* _Directions_: Could you give the records below again exactly, without the pictures?

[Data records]

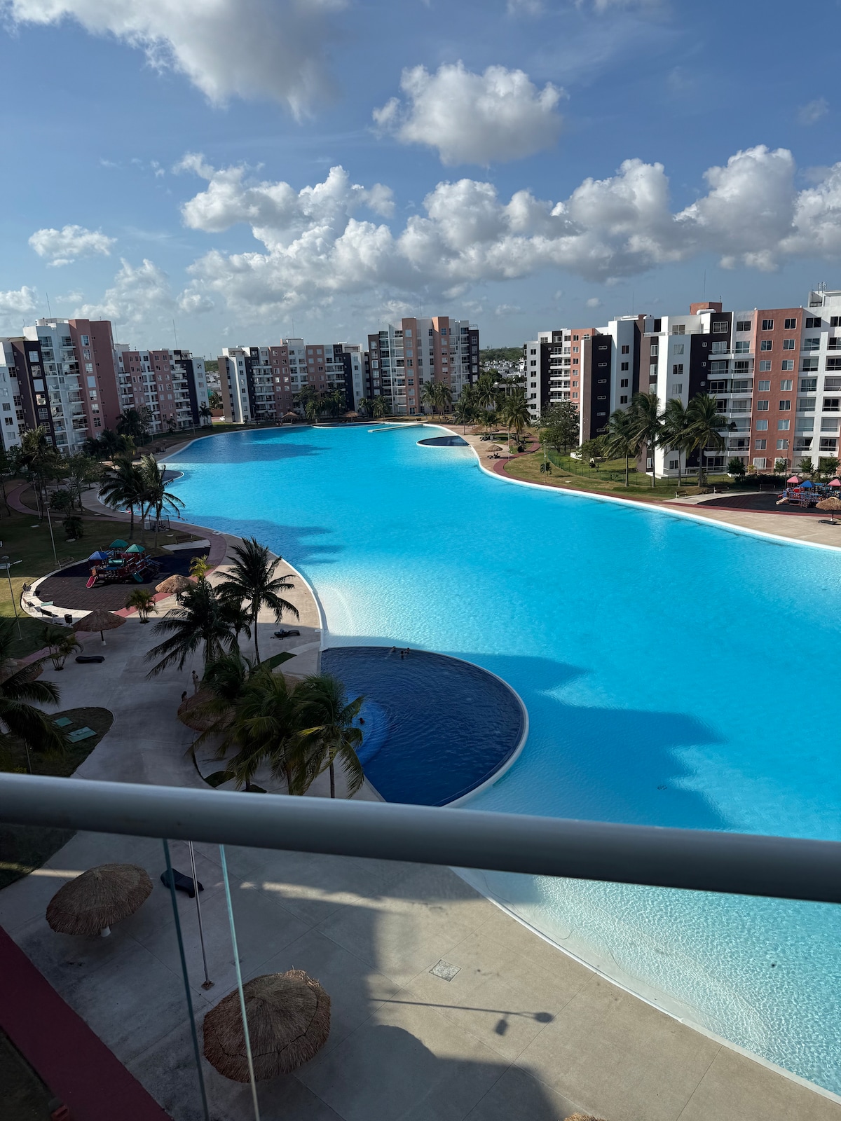 Apartamento hermoso, limpio y exclusivo para cada grupo de hospedaje. Balcón, terraza, 3 recámaras. 2 baños. Con vista espectacular a la laguna (artificial), 7 albercas, jardines. Seguridad 24/7. Estacionamiento, Wi Fi, Aire Acondicionado, Ventiladores, 2 Smart T.V. , Netflix, Lavadora, secadora, plancha, secador de pelo, Caja de seguridad, etc. Supermercado, Tiendas de conveniencia, Cafeterías, gasolinera, restaurantes y bares, servicio de Emergencias, ATM, a 3 cuadras del Complejo.
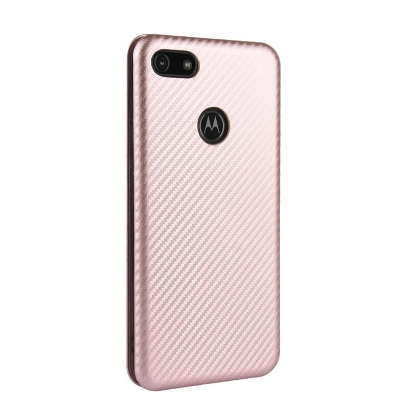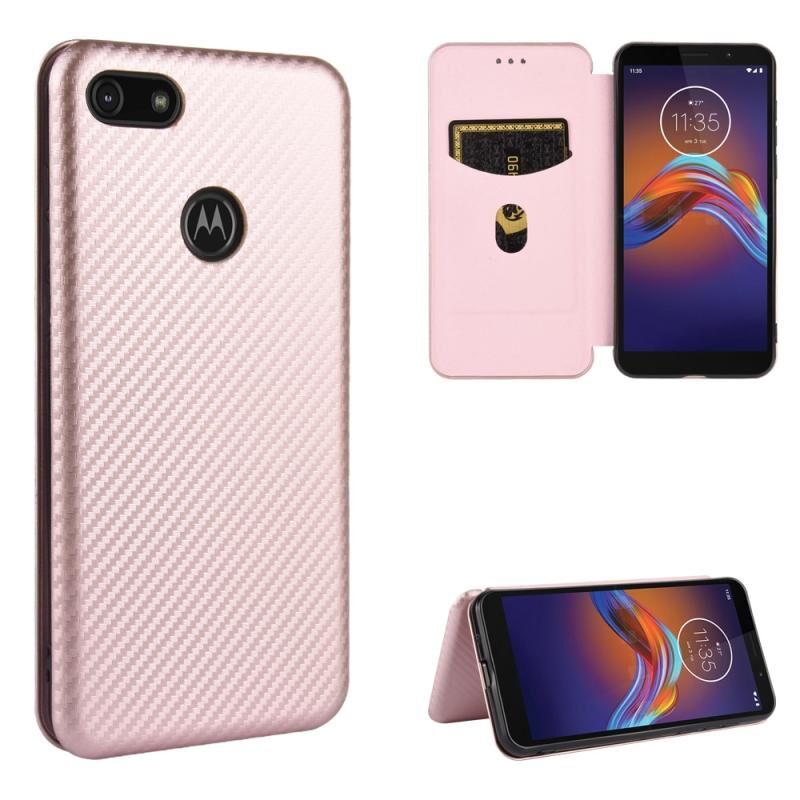 Για Motorola Moto E6 Play Carbon Fiber Texture Horizontal Flip TPU + PC + PU Leather Case με σχοινί & υποδοχή κάρτας (ροζ)
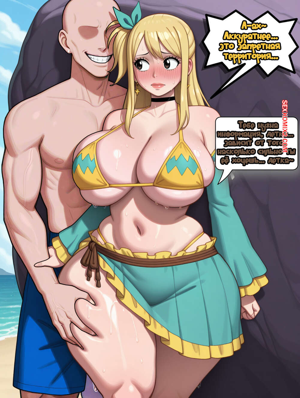 Порно комикс Хвост Феи. Люси Хартфилия X Bwc. Lucy Heartfilia X Bwc. BaldSensei. Сочная блондинка с огромной задницей отправилась на пляж и познакомилась там с двумя горячими парнями. Она предложила им секс втроем и забеременела от одного из них.
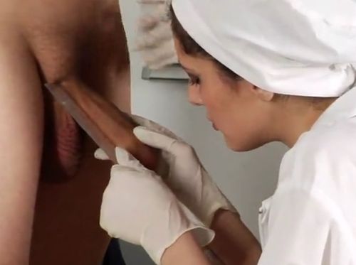 Молодая врачиха с медсестрой решили постебаться над пациентом, который опоздал к ним на медицинский осмотр, и провести необычный приём с тщательным обследованием, пригрозив при следующем опоздании поставить ему клизму. Похабных шуток молоденьких медработниц пацан не понял, потому делала всё, что приказывали ему две развратные девушки в униформе. После того, как он разделся, докторша с ассистенткой измерили член линейкой, а потом стали проверять его стояк, мастурбируя ногами, после чего надумали взять сперму на анализ у парня, причём сами выдрочили всё до капли, занимаясь эротической фемдом мастурбацией в чулках.
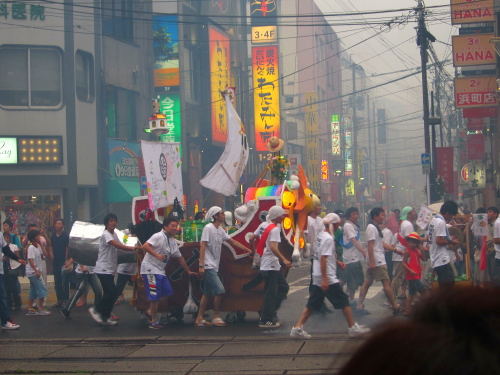 | 爆竹を鳴らしながら長崎市内を回る精霊船。 |
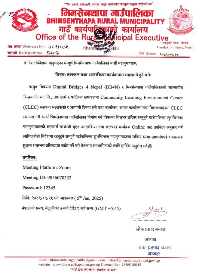 » Zoom मार्फत हुने छलफल कार्यक्रममा सहभागिताका लागि अनुरोध ।

* _Exercise response_:
 Apartamento hermoso, limpio y exclusivo para cada grupo de hospedaje. Balcón, terraza, 3 recámaras. 2 baños. Con vista espectacular a la laguna (artificial), 7 albercas, jardines. Seguridad 24/7. Estacionamiento, Wi Fi, Aire Acondicionado, Ventiladores, 2 Smart T.V. , Netflix, Lavadora, secadora, plancha, secador de pelo, Caja de seguridad, etc. Supermercado, Tiendas de conveniencia, Cafeterías, gasolinera, restaurantes y bares, servicio de Emergencias, ATM, a 3 cuadras del Complejo.
 Για Motorola Moto E6 Play Carbon Fiber Texture Horizontal Flip TPU + PC + PU Leather Case με σχοινί & υποδοχή κάρτας (ροζ)
 Порно комикс Хвост Феи. Люси Хартфилия X Bwc. Lucy Heartfilia X Bwc. BaldSensei. Сочная блондинка с огромной задницей отправилась на пляж и познакомилась там с двумя горячими парнями. Она предложила им секс втроем и забеременела от одного из них.
 Молодая врачиха с медсестрой решили постебаться над пациентом, который опоздал к ним на медицинский осмотр, и провести необычный приём с тщательным обследованием, пригрозив при следующем опоздании поставить ему клизму. Похабных шуток молоденьких медработниц пацан не понял, потому делала всё, что приказывали ему две развратные девушки в униформе. После того, как он разделся, докторша с ассистенткой измерили член линейкой, а потом стали проверять его стояк, мастурбируя ногами, после чего надумали взять сперму на анализ у парня, причём сами выдрочили всё до капли, занимаясь эротической фемдом мастурбацией в чулках.
 | 爆竹を鳴らしながら長崎市内を回る精霊船。 |
 » Zoom मार्फत हुने छलफल कार्यक्रममा सहभागिताका लागि अनुरोध ।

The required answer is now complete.